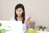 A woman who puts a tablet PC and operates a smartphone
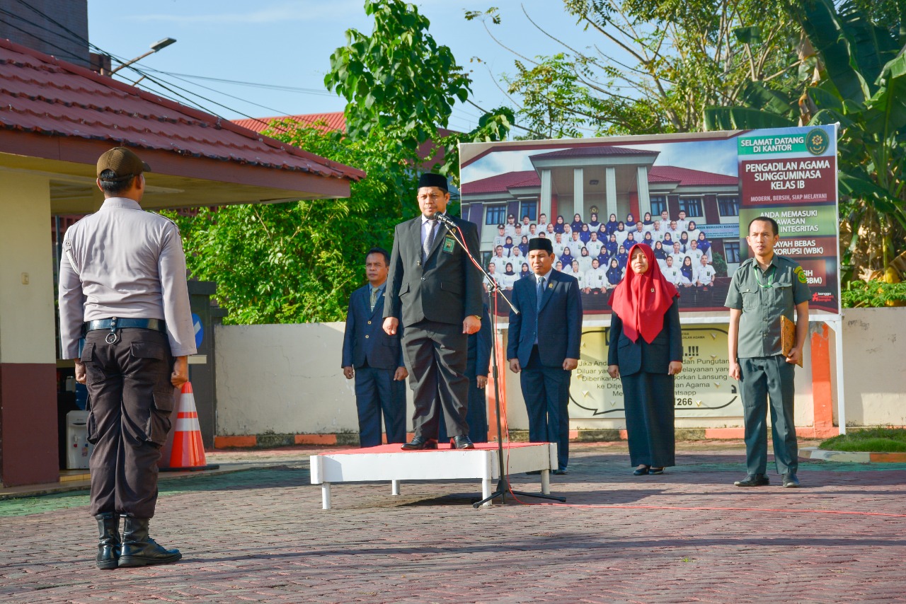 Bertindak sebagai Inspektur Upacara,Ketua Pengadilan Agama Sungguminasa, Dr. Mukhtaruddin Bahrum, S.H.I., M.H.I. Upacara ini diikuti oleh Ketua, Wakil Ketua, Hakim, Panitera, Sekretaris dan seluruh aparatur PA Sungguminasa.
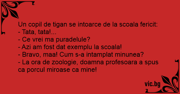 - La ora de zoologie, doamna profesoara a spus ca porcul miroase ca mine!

---

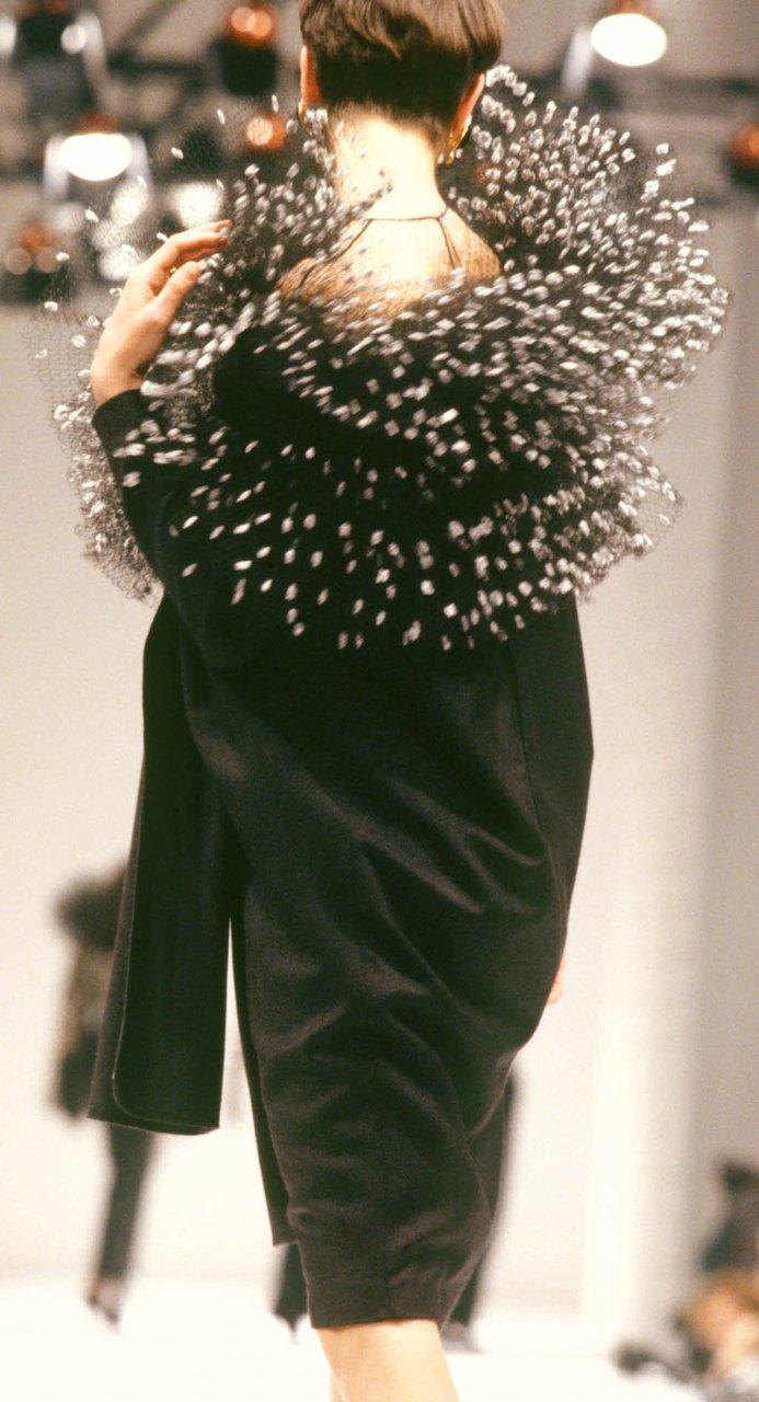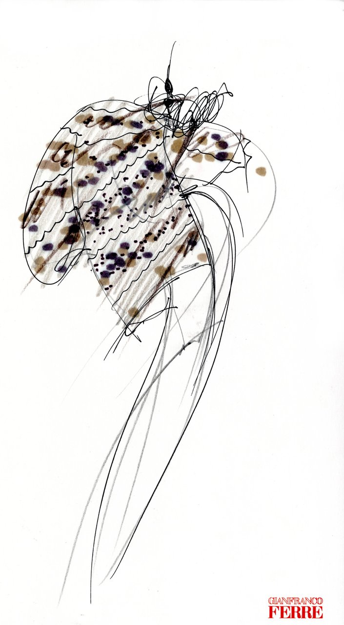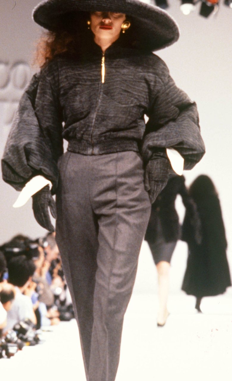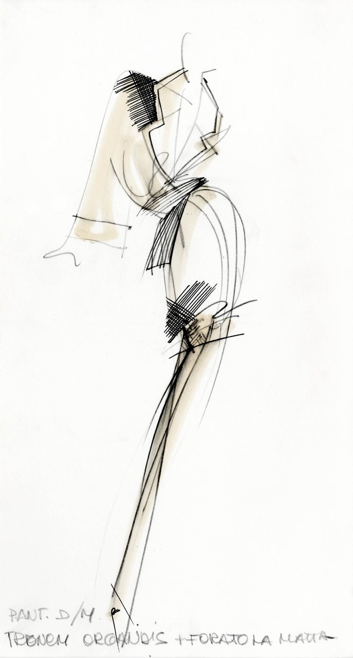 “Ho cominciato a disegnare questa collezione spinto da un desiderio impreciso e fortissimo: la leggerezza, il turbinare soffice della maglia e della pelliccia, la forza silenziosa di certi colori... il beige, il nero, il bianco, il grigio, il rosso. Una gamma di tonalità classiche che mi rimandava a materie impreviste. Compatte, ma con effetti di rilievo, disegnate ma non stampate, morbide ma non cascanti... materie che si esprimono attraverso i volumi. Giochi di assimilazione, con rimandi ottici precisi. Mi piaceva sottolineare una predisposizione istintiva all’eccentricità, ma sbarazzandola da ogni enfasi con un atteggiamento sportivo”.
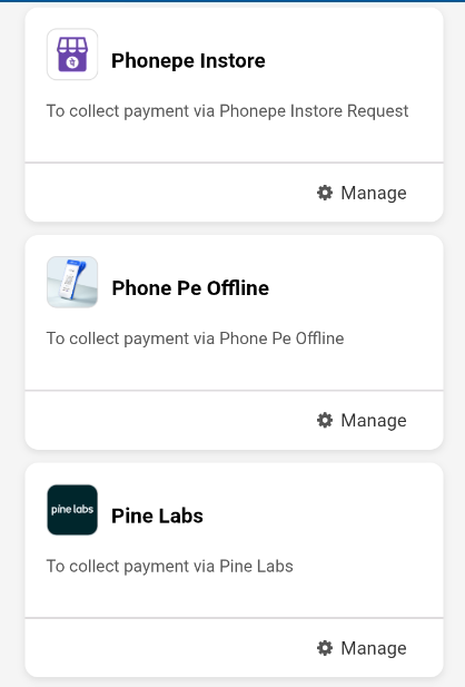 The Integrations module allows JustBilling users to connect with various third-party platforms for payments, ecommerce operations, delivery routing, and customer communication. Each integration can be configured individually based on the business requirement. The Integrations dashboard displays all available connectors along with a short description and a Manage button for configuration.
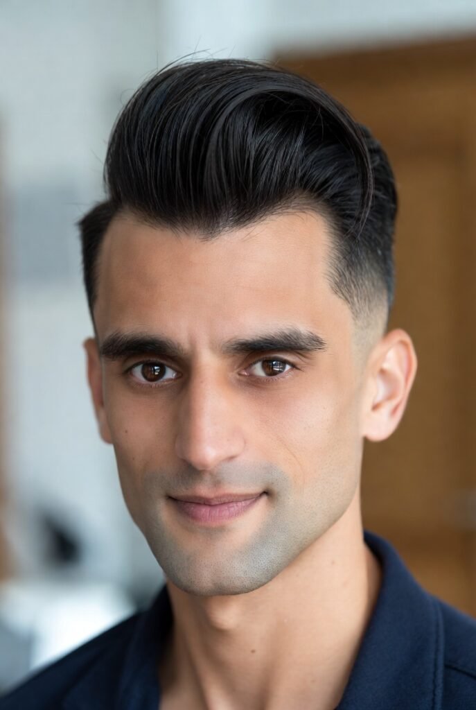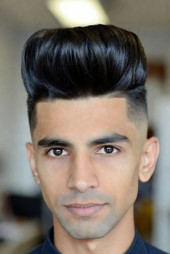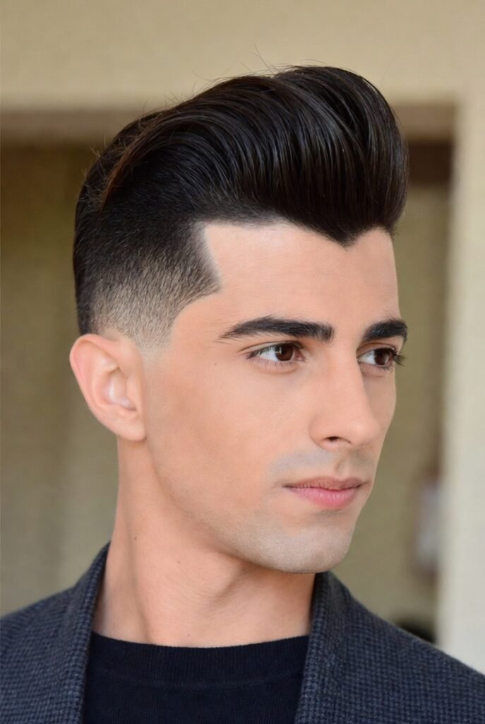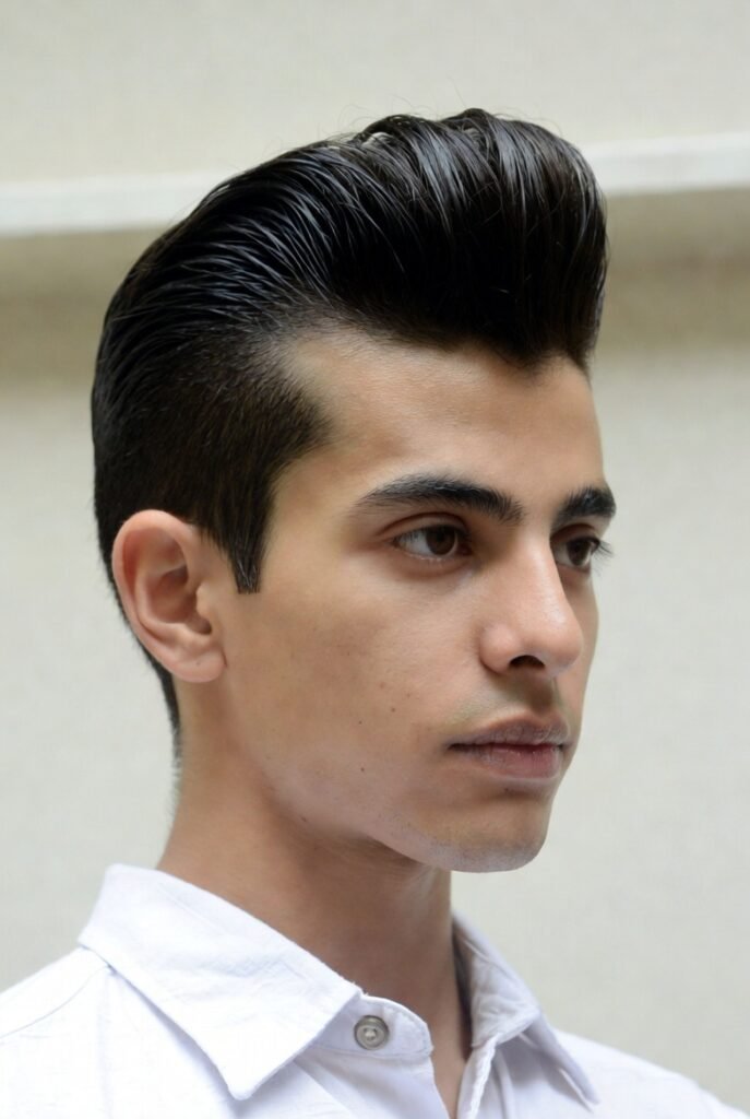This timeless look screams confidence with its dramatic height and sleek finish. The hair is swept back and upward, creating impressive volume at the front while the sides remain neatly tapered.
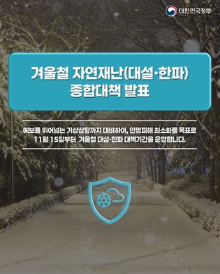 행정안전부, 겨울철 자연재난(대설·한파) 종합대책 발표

* * *

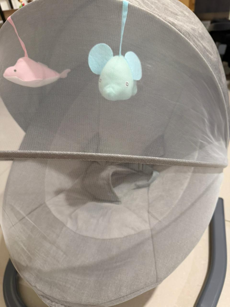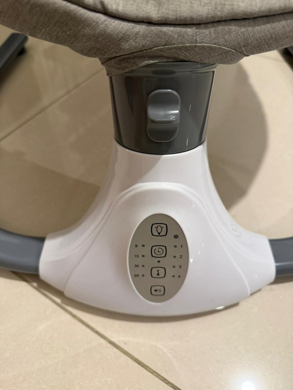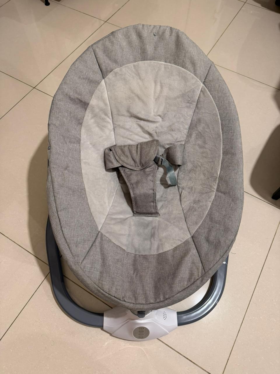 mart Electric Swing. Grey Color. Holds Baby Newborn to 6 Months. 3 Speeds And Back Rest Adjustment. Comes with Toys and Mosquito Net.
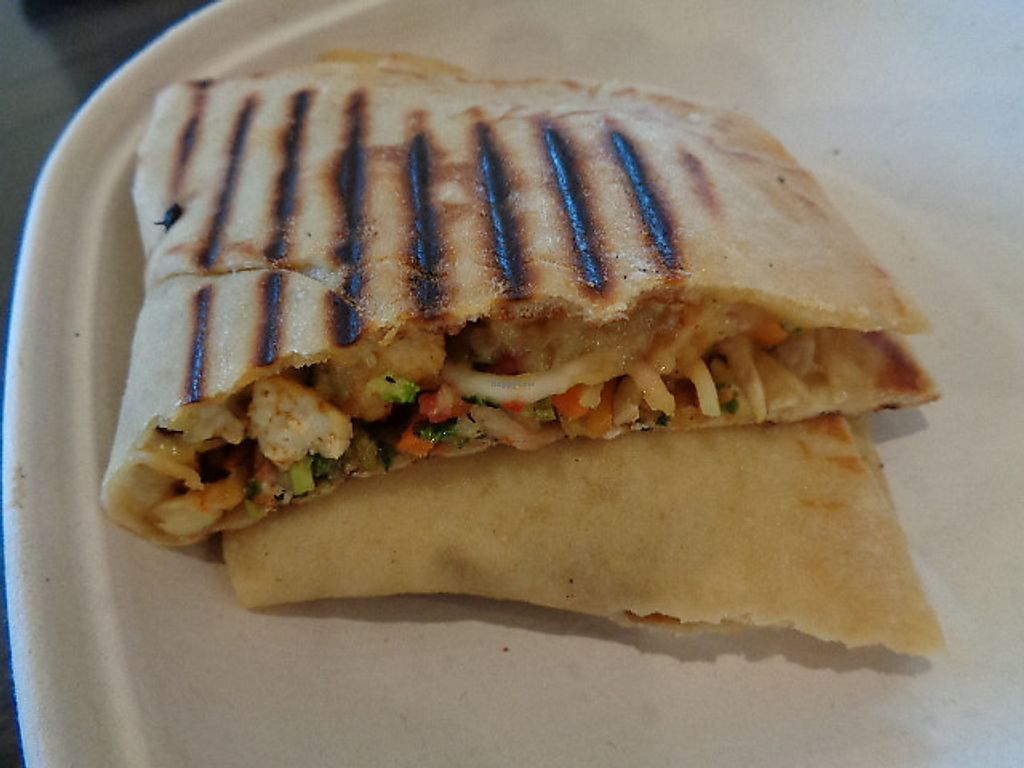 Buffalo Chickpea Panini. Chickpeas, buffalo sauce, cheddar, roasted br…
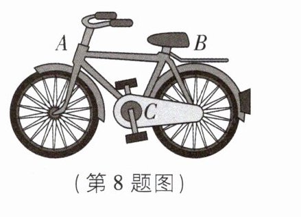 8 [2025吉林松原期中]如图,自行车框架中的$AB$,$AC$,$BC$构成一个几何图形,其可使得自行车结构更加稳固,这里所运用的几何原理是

What is required> Given the listing above, retype only the span of lines from the line with "A woman who" up to and including the line with "Bertindak sebagai Inspektur", exactly as it stands and without pictures.

Result of the exercise>
 A woman who puts a tablet PC and operates a smartphone
 Bertindak sebagai Inspektur Upacara,Ketua Pengadilan Agama Sungguminasa, Dr. Mukhtaruddin Bahrum, S.H.I., M.H.I. Upacara ini diikuti oleh Ketua, Wakil Ketua, Hakim, Panitera, Sekretaris dan seluruh aparatur PA Sungguminasa.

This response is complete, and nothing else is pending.